When current has been flowing for sufficient time to ensure that the resistive region has
reached the liquid, the voltage across the wire is measured and will be directly
proportional to the length of wire in gas, from which the liquid level may be calculated.
When the measurement has been made, the current through the wire is turned off and
the measured reading displayed. The process is repeated at intervals varying from a few
seconds to a few hours, depending upon the expected rate of change in the level.
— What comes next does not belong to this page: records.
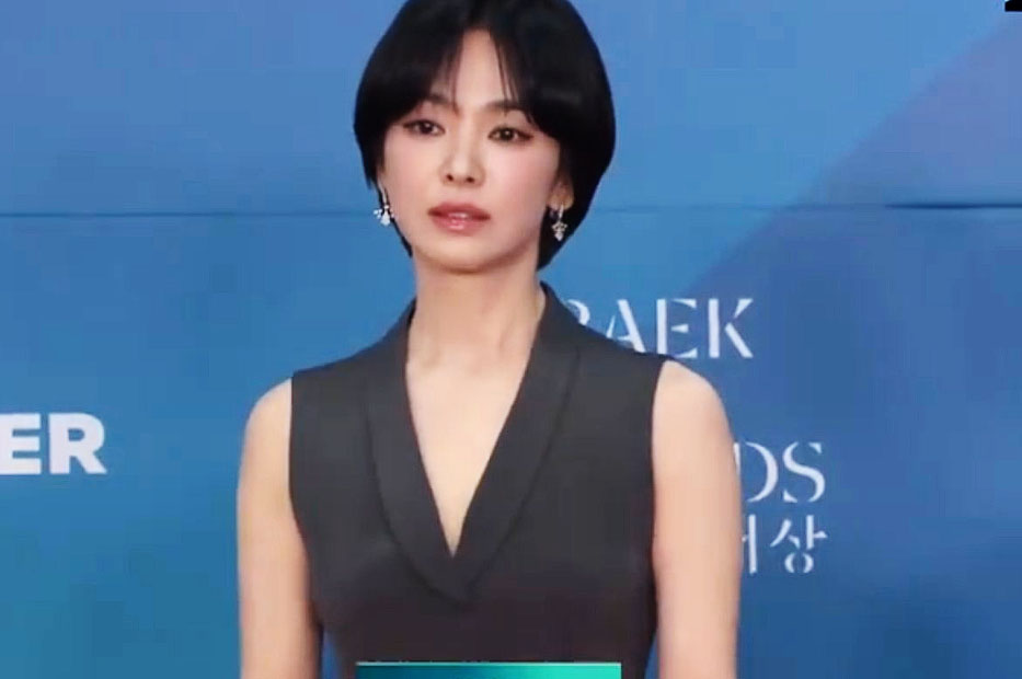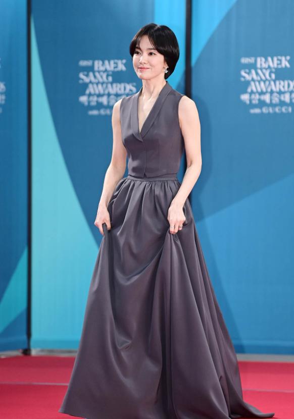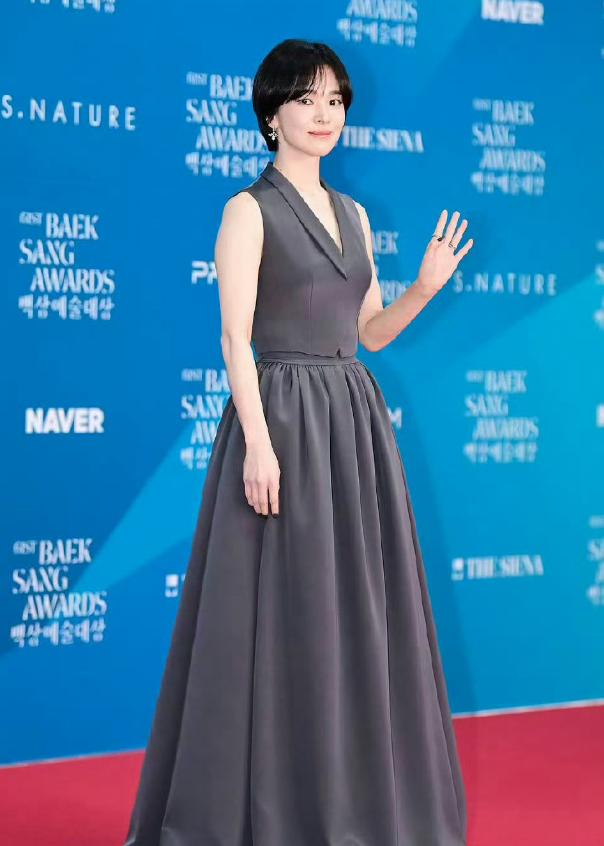 5月5日,43岁的宋慧乔在百想红毯上彻底鲨疯了!当国内95后小花们还在裹着蓬蓬裙扮迪士尼在逃公主时,这位姐踩着10cm高跟鞋杀出来,直接把红毯变成女王登基现场。灰色西装裙配利落短发,网友锐评:"教导主任要长这样,我天天早自习坐第一排!"
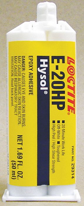 LOCTITE® EA E-20HP is an off-white, 2-part, toughened, medium-viscosity, industrial grade epoxy adhesive with a medium work life. The mixture cures at room temperature to form a tough bondline with high peel resistance and high shear strengths. It is resistant to a wide range of chemicals and solvents and is an excellent electrical insulator.
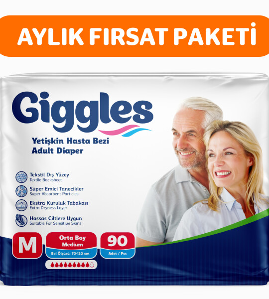 Giggles Yetişkin Bel Bağlamalı Hasta Bezi Medium 30'lu 3 Paket 90 Adet

The maximum probe length that can be measured, depends upon the resistivity of the
probe wire. Prior to firmware version 1.08, ILM was designed to handle the standard
Oxford Instruments probe wire, with a typical resistivity of 178 ohms/metre. Since version
1.08 this parameter may be adjusted up to a maximum value of 200 ohms/metre. There
are now two types of wire in use:. For probes up to 1.4m active length, the standard wire
is nominally 166 ohms/metre and operates at a current of 130mA. For probes up to 2m
active length, a thicker wire is used, with a nominal resistivity of 61.2 ohms/metre,
operating at a current of 250mA.
1.3.2
Nitrogen Level Probe
The nitrogen probe is constructed of two concentric stainless steel tubes. The annular
space between these acts as a capacitor with the dielectric consisting of liquid or gaseous
nitrogen. Liquid nitrogen has a relative permittivity of 1.45, so that the capacitance
increases by around 45% for the portion of the probe that is in liquid. The probe head
incorporates an oscillator, which uses the probe capacitance to define its period. Hence
the oscillation frequency may be used as an indicator of liquid level. There are no
adjustments in the probe head for ILM. The working range of the oscillator (5 kHz to 65
kHz) can handle the full range of probe lengths up to 2 metres.
1.3.3
Why Two Different Sensing Methods Are Used
The capacitance method cannot be used routinely for liquid helium. (It can be used for
certain specialised applications where the reservoir is strictly isothermal.) The relative
permittivity of liquid helium is only 1.055, which is close to the figure for cold helium gas
at 4.2K. Thus the probe would be more responsive to temperature gradients within the
gas above the liquid surface, than to the position of the surface.
With modern high-Tc superconductors, it is possible to make a superconductive nitrogen
probe. However this would be much less robust than the capacitive probe, which works
well for nitrogen. Hence ILM uses the most appropriate sensing technique for each
cryogen. By allowing ILM to accept inputs from either type of probe, there is no cost
penalty in using two different sensing methods.